GNOMON : nm
Le gnomon est un instrument, non-mécanique, dont l’ombre, projetée par le Soleil, permet de suivre sa course sur la voûte céleste ; sous sa forme la plus simple, une tige verticale plantée dans le sol. Son ombre est la plus courte, et orientée exactement nord-sud, à l’instant du midi solaire vrai — la direction de l’ombre à toute autre heure n’indique en revanche pas le temps qui passe, contrairement à une idée reçue. En gnomonique, la science des cadrans solaires, le terme « gnomon » désigne spécifiquement l’indicateur des cadrans antiques à heures temporaires ; sur les cadrans modernes à heures équinoxiales, on parle de « style », le plus souvent orienté parallèlement à l’axe terrestre (style polaire). Un cadran solaire, à l’origine, est un gnomon associé à une table portant des lignes horaires ; une méridienne le réduit à la seule ligne du midi.

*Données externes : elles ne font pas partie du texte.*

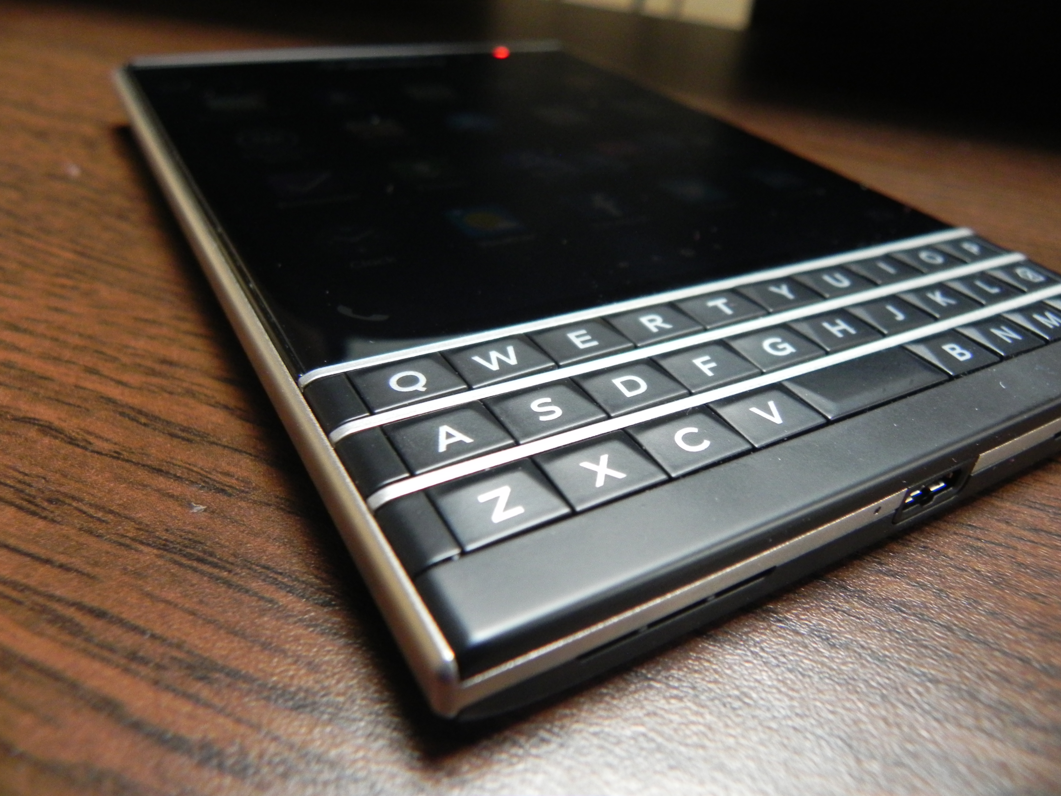 We’ve got a sturdy metal frame on board and the device is very solid. It has rounded edges, a polycarbonate back, that uses a soft touch texture and it’s also mate. The camera bump is 0.3 mm thick and the frame is made of stainless steel. The same material is used between the QWERTY keyboard rows. At the front we can find a camera, earpiece, display with Gorilla Glass 3 protection, a 3 row QWERTY keyboard, that’s lit and touch enabled, plus sensors at the top and an LED for notifications near the front camera.

Attesté dès le IIe millénaire avant notre ère en Chine et à Babylone, le gnomon fut perfectionné par les Grecs : au 6e siècle avant notre ère, Anaximandre de Milet détermina les équinoxes en bissectant l’angle formé, sur la méridienne, par les ombres solsticiales. Ératosthène s’en servit pour mesurer l’obliquité de l’écliptique puis, avec la même méthode appliquée entre Alexandrie et Syène, la circonférence de la Terre. À Rome, l’empereur Auguste fit ériger en 10 avant notre ère un obélisque égyptien de plus de vingt mètres de hauteur, aujourd’hui encore visible.